Eirini Karastergiou (Ειρήνη Καραστεργίου; born November 20, 1982) is a Greek former swimmer, who specialized in backstroke events. She previously held two Greek records in both 100 and 200 m backstroke, until they were all broken each by Aspasia Petradaki and Stella Boumi in 2009.

Karastergiou qualified for two swimming events at the 2004 Summer Olympics in Athens, representing the host nation Greece. She cleared FINA B-standard entry times of 1:03.26 (100 m backstroke) and 2:14.82 (200 m backstroke) from the Greek Open in Piraeus.
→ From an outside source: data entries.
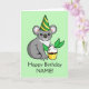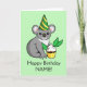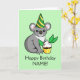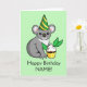Célébrez votre anniversaire de véritable mode australienne avec ce koala adorable dans un casquette de partie de vert et d'or. Il prend même un petit petit gâteau d'anniversaire fait avec le feuille d'eucalyptus !
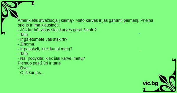 Amerikietis atvažiuoja į kaimą> Mato karves ir jas ganantį piemenį. Prieina prie jo ir ima klausinėti:
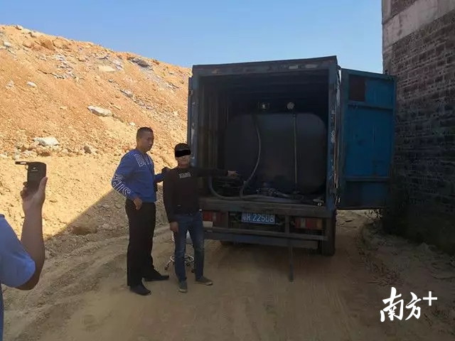 侦查民警着便服在民宅附近伺机而动。11时50分,一辆车牌粤R225D8的蓝色五十铃货车驶入民宅后院,民警迅速将驾驶人张某伟控制。经对货车检查,发现货车的货柜已被改装,并放置了一个容量三吨的油罐且油罐内有2吨成品油(汽油)。
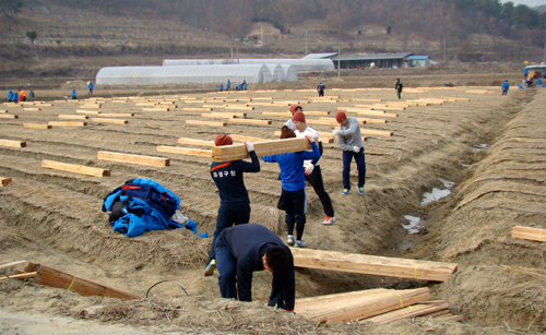 ±Ø±âÈÆ·Ã¿¡ ¾Õ¼­ À̵éÀº źºÎ¸é º®Áö¸® ¾çõ±â¾¾ ³ó°¡¸¦ ã¾Æ Àλï¹ç ÁöÁÖ¸ñÀ» ¼³Ä¡ÇÏ´Â µî ºÀ»çȰµ¿À» ÆîÃÆ´Ù.
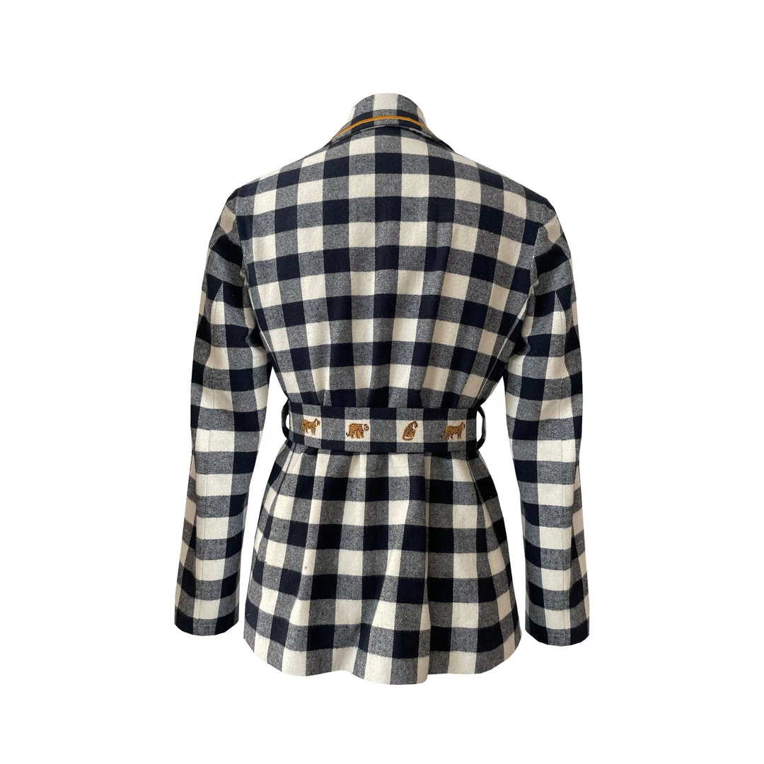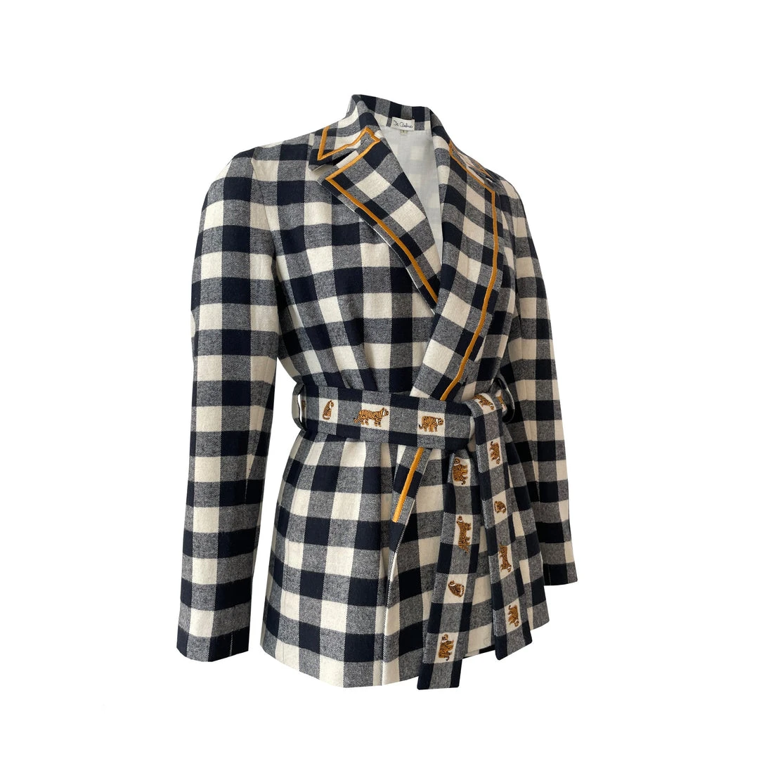 The Baagh Jacket is made of soft cotton and draws inspiration from the Ranthambore tiger reserve. It features white and navy blue check pattern fabric, with yellow embroidered tigers and yellow line on the lapel.
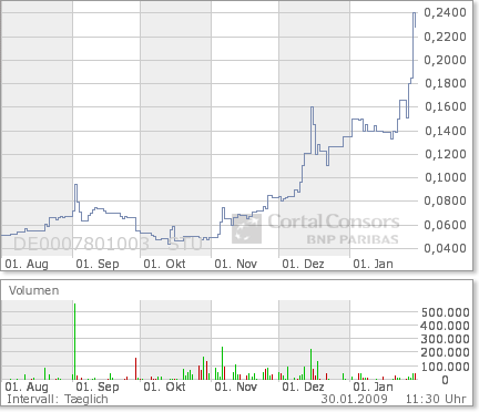 Gestern lag das Kursniveau bei 0,19 Euro. Im vergangenen Jahr war das Papier bis auf ein Rekordtief von 0,03 Euro gesackt, was zeigt, dass die Börse dem Unternehmen kaum noch Überlebenschancen gegeben hatte.
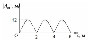 На рисунке приведен график модуля амплитуды стоячей волны от координаты х. Длина волны  бегущей и отраженной волн, при наложении которых получена эта стоячая волна, равна … м.
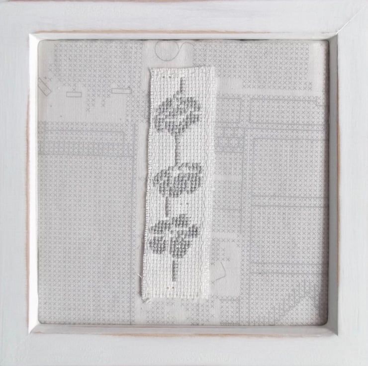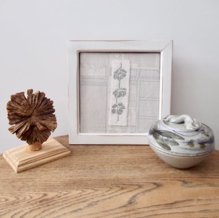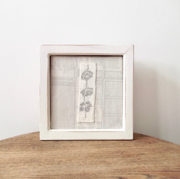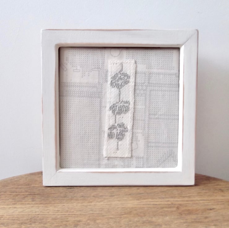 Framed in a shabby chic style white wooden frame hand embroidered cross stitch grey flowers strip mounted onto a vintage piece of cotton cross stitch pattern print grid fabric.
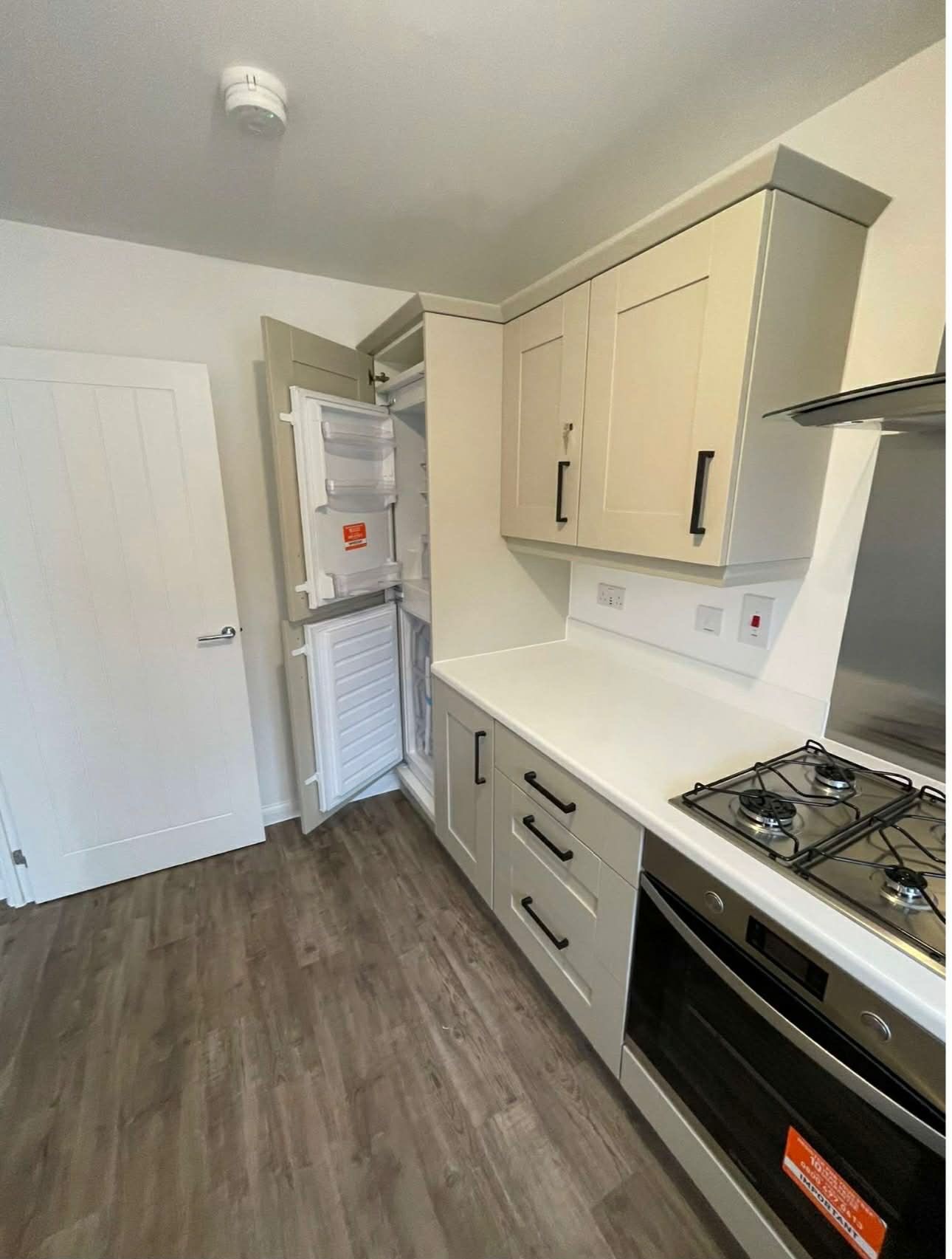 over 50s flat, single or couple, no children! Lovely upstairs property with open plan living area, 1 bedroom, with resident/visitor parking, shared back garden, energy effiency band A triple glazing, new build 2018 HA property

In the 100 m backstroke, Karastergiou challenged seven other swimmers in heat three, including top medal favorite Kirsty Coventry of Zimbabwe. She edged out Finland's Hanna-Maria Seppälä to take a seventh spot and thirty-third overall by a quarter of a second (0.25) in 1:05.30. In the 200 m backstroke, Karastergiou placed thirtieth in the morning prelims. Swimming in heat two, she rounded out a field of eight swimmers to last place by less than 0.18 of a second behind Thailand's Chonlathorn Vorathamrong in 2:21.93.